那副总是带笑的面具下,显出一种异样的沉默和一丝被当面揭穿小把戏的尴尬。
“完颜朔,顾家于我意味着什么,你很清楚。有些线,不要越。”
完颜朔收敛了笑意,终于显露出几分属于他真实性情的、带着阴柔冷意的锐利:“殿下放心,我对两位公子并无恶意。”
耶律长烬看着完颜朔,眼神冷了几分,转向戚秀骨,沉声道:“此事,我会给你一个交代。”
“不必。”戚秀骨却摇了摇头,仿佛刚才那尖锐的指控只是随口提及的一件微不足道的小事。
他不再看完颜朔,起身理了理并无褶皱的袖口和裙裾:“今日便到此吧,五日内,我等大公主的消息。
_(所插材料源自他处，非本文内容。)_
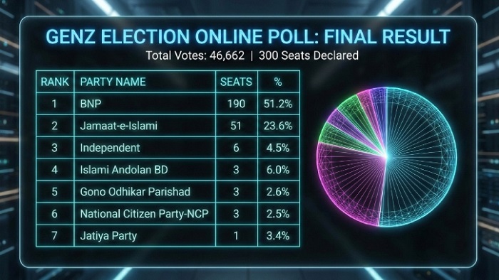 দেশের চলমান রাজনৈতিক পরিস্থিতিতে তরুণ প্রজন্মের ভাবনা ও বিভিন্ন প্রার্থীর জনপ্রিয়তা মূল্যায়নের লক্ষ্যে পরিচালিত স্বতন্ত্র অনলাইন জরিপ ‘জেন-জেড ব্যালট’ (GenZ Ballot)-এর ভোটগ্রহণ শেষ হয়েছে।

”
他语气恢复了一贯的从容,仿佛刚才的波澜从未发生。
“耶律长烬。”临别前,戚秀骨在门边驻足,叫住他,神色是前所未有的严肃,眸光清冽如寒潭:“风浪将至,此船一开,便再无回头岸。你我现在,是真正拴在一根桅杆上了。”
被叫到的少年靠在斑驳的门框上,抱臂看着戚秀骨。
光勉强描摹出他硬朗的轮廓,却照不进那双翠绿眼眸的深处——那里翻涌着被卷入漩涡的凝重、对远方亲人的忧虑,以及一丝被这凝重局势和眼前人共同激起的、近乎本能的凶悍。
他沉默了片刻,仿佛在掂量这话的重量,然后,他嘴角勾起一个没有温度的、近乎野性的弧度。
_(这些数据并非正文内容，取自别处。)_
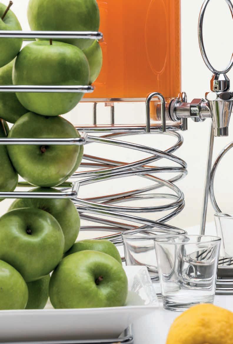 CLASSIC INOX carosello girevole per caraffe a due livelli Struttura in acciaio inox 18/10 / due livelli girevoli con ringhiere per bicchieri e caraffe / ringhiere in acciaio cromato / 4 caraffe multiuso incluse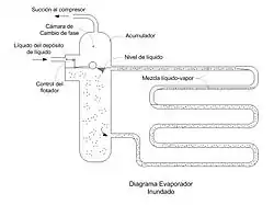 El nivel del líquido en el evaporador se mantiene más bajo o más alto mediante un control de flotador y, el vapor generado por la acción de ebullición del refrigerante en los tubos se separa del líquido en la parte superior del acumulador de donde es sacado directamente a través de la línea de succión con el vapor que se forma como consecuencia de la reducción de presión del refrigerante desde la presión de condensación hasta la presión de evaporación. Obsérvese que el gas instantáneo o flash-gas formado no interfiere en la transferencia de calor del evaporador como sucede en los evaporadores de expansión seca.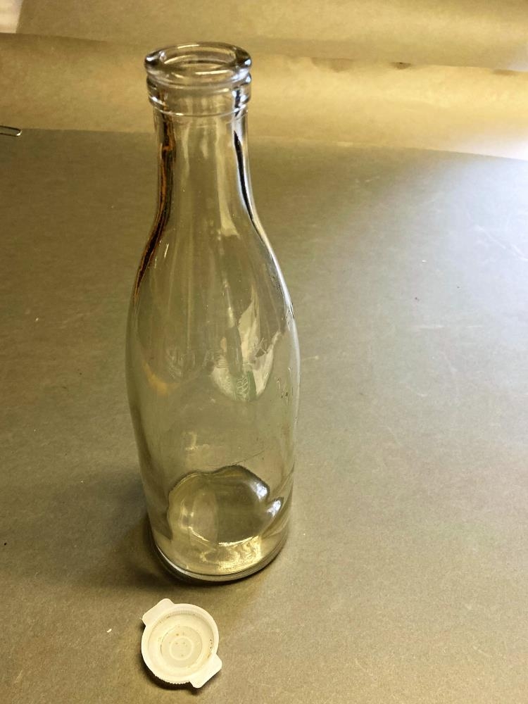 Mjólkurflaska með plastloki. Glært gler og upphleyptir stafir Mælk-Fløde 1/1 l. Voru notaðar á fyrrihluta 20. aldar

“那就让它沉不了。”他的声音低沉下去,却带着一种磐石般的、近乎悍勇的笃定,字字砸在寂静的空气里:“风浪再大,劈开便是。”
戚秀骨深深看了他一眼,不再多言,微微颔首,转身推门而出。含袖不知何时已悄无声息地候在门外不远处,主仆二人的身影很快融入深巷的阴影之中,消失不见。
耶律长烬站在门内,望着空荡荡的巷口,良久未动。
完颜朔不知何时走到了他身后,脸上已没了平日的轻佻,望着戚秀骨离去的方向,轻声问,语气里带着罕见的凝重:“主人,当真要和她绑得这么深?
这位端辞殿下……水也太深了些,心思难测。”
耶律长烬没有立刻回答。他想起山顶那夜戚秀骨眼中深藏的恐惧与挣扎,想起他谈及城下流民时的无力与不甘,想起他方才平静之下蕴藏的锋利与决断。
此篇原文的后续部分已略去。